At the dock he took a ten-foot rowboat and set out to the village, now plainly to be seen a couple of miles across the bay.

He had gone, perhaps, half the distance, when a fast motor boat over-hauled him, slackened speed as it passed and then swung round and waited in the path he was taking.

There were two men in it. One was a vastly broad-chested man with a trim sweater and white canvas trousers. He had the look of a yacht sailor.

The other, who was steering the boat, had no physical peculiarities other than that general air of following the sea.

"We've had an accident," said the broad-chested man, and pointed to something at the bottom of the launch, something as yet out of Bettington's range of vision.

Bettington clung to the side of the drifting motor boat and stood up. There, lying on the bottom of the other craft, was a man. And as the artist stooped over him, the recumbent sailor gave a tremendous half-arm jab which caught Bettington on the point of the jaw.

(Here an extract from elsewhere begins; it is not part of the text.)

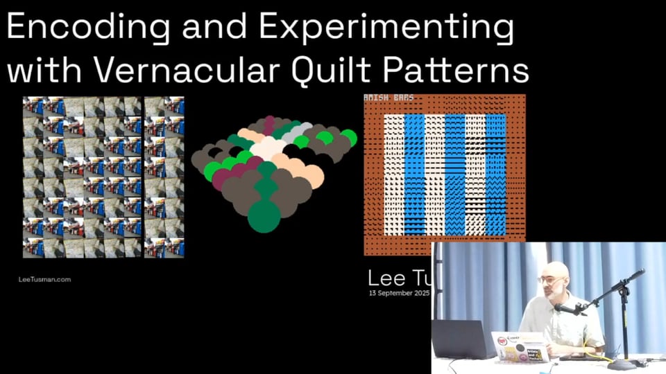 Last month I traveled to the UK to speak at the Algorithmic Pattern Salon. My talk Encoding and Experimenting with Vernacular Quilt Patterns is online.

The other two grabbed him as his head fell forward and hauled him on board where, unconscious, he took the place of his assailant, who rose grinning.

The broad-chested man, who was called Sam, clapped him on the back in approval.

"Dandy," he cried. "And that rock prevents any one seeing us from the village." Sam bent over the unconscious form and neatly trussed it up with rope. "The boss will be tickled to death over this. Stove in that rowboat, one of you."

A man with a boat hook smashed in some bottom boards and Jonathan Gibbs's dinghy slowly filled with water.

Then the motor boat put out of the bay, past the buoys, and headed north for Bar Harbor.

Bettington had recovered from the knockout within five minutes. He could see from the brightly polished brasswork and mahogany that he was in a yacht’s launch. He knew that the hum of the motor would make any call for help useless.

It Was a Mistake

He had been neatly knocked out and was now to be expeditiously shang-haied. So far as he knew he had no enemies. Although not a mixer with men, he was popular with those whom he knew.

Unlike Gibbons, he had no burning animosities. There were no dark passages in his life in which revengeful women figured. It was incredible. Then the real meaning of the thing flashed on him.

He was mistaken for Jonathan Gibbs. He was rowing Gibbs's boat and wearing his clothes. With a two-days' growth of beard and a face burned with sun, he might pass for him.

He called to mind the curious reception he had met in the shack. Gibbs was armed in readiness. Perhaps he had been expecting these very men.